## Task prompt
From the listing below, restate word for word the lines from the line containing "Juley Schleifer bringt" down through the line containing "⒈ 取消,全部丢弃——主要用于法律,习惯,制度,传统。". Exclude pictures.

Start of Block

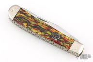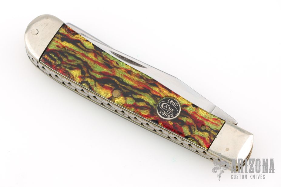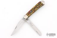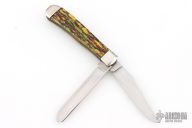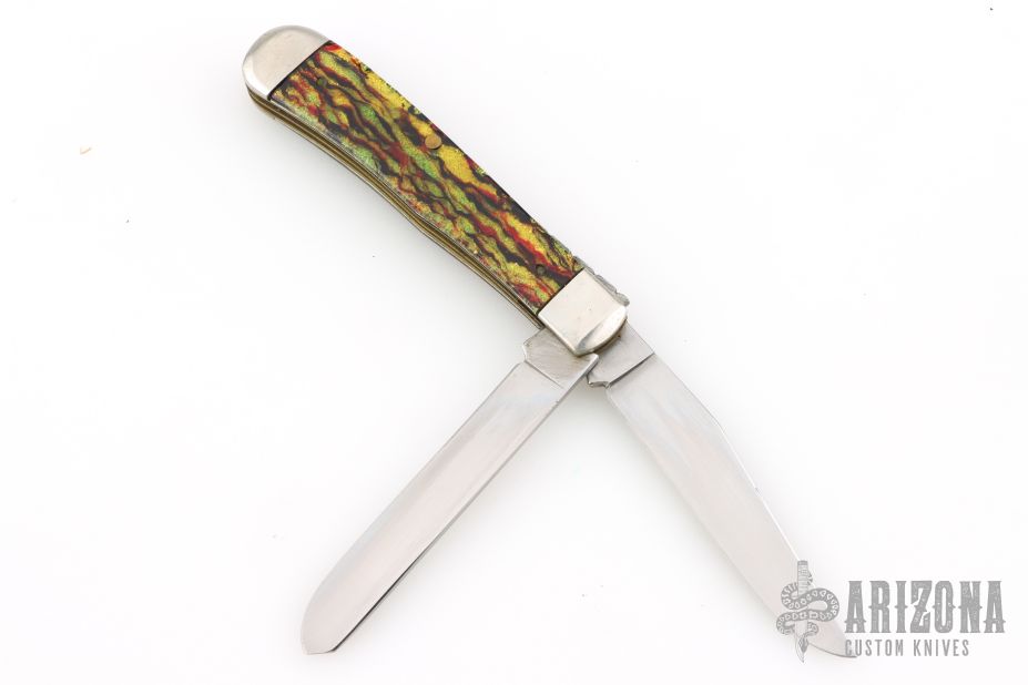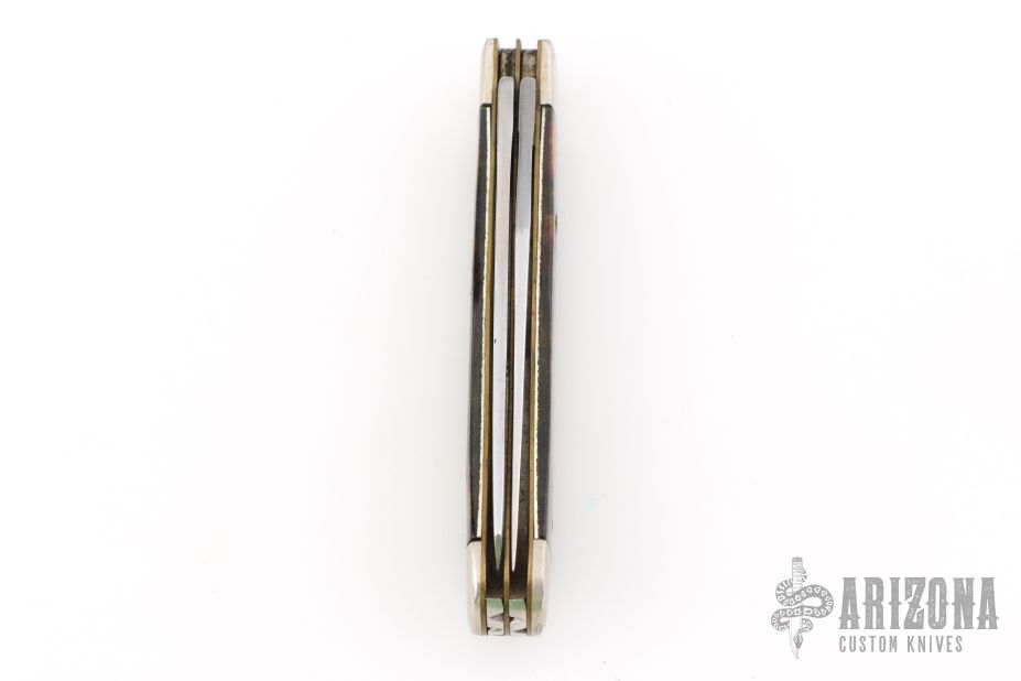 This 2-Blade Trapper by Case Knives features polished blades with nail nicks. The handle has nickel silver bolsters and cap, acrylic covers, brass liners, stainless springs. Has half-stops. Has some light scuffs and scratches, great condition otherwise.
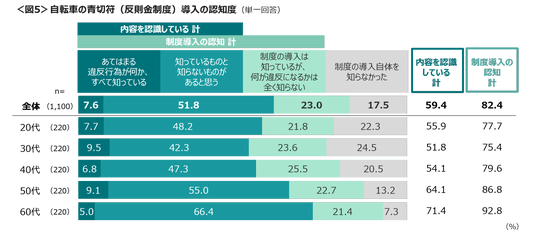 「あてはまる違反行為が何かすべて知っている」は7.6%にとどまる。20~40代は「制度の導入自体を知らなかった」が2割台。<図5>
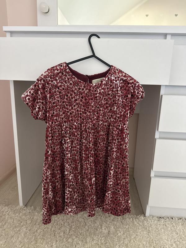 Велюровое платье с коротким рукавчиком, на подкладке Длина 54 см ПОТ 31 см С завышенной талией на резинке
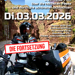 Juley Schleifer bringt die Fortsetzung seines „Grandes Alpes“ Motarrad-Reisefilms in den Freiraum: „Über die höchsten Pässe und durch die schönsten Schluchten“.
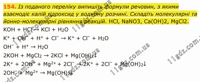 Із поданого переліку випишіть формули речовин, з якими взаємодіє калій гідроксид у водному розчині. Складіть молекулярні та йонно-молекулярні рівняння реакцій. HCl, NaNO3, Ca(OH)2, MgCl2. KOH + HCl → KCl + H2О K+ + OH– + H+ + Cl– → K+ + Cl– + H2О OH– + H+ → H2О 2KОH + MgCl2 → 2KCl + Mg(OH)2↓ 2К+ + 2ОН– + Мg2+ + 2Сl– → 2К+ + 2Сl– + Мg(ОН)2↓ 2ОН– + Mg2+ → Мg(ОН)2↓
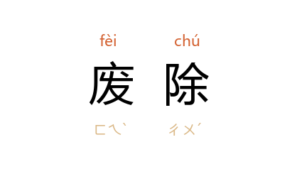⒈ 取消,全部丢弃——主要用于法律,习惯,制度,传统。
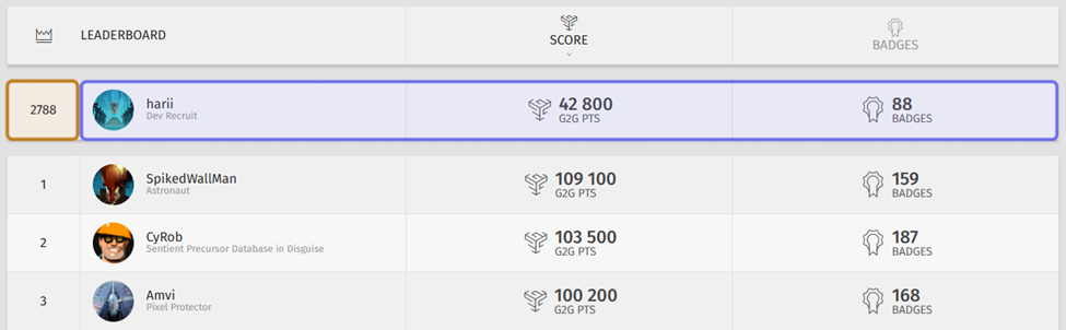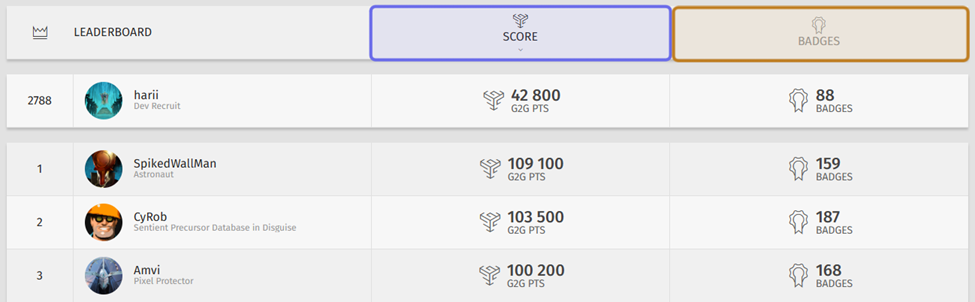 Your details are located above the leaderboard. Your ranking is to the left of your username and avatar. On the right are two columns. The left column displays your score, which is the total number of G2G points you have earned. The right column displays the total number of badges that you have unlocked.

End of Block

## Exercise output
 Juley Schleifer bringt die Fortsetzung seines „Grandes Alpes“ Motarrad-Reisefilms in den Freiraum: „Über die höchsten Pässe und durch die schönsten Schluchten“.
 Із поданого переліку випишіть формули речовин, з якими взаємодіє калій гідроксид у водному розчині. Складіть молекулярні та йонно-молекулярні рівняння реакцій. HCl, NaNO3, Ca(OH)2, MgCl2. KOH + HCl → KCl + H2О K+ + OH– + H+ + Cl– → K+ + Cl– + H2О OH– + H+ → H2О 2KОH + MgCl2 → 2KCl + Mg(OH)2↓ 2К+ + 2ОН– + Мg2+ + 2Сl– → 2К+ + 2Сl– + Мg(ОН)2↓ 2ОН– + Mg2+ → Мg(ОН)2↓
⒈ 取消,全部丢弃——主要用于法律,习惯,制度,传统。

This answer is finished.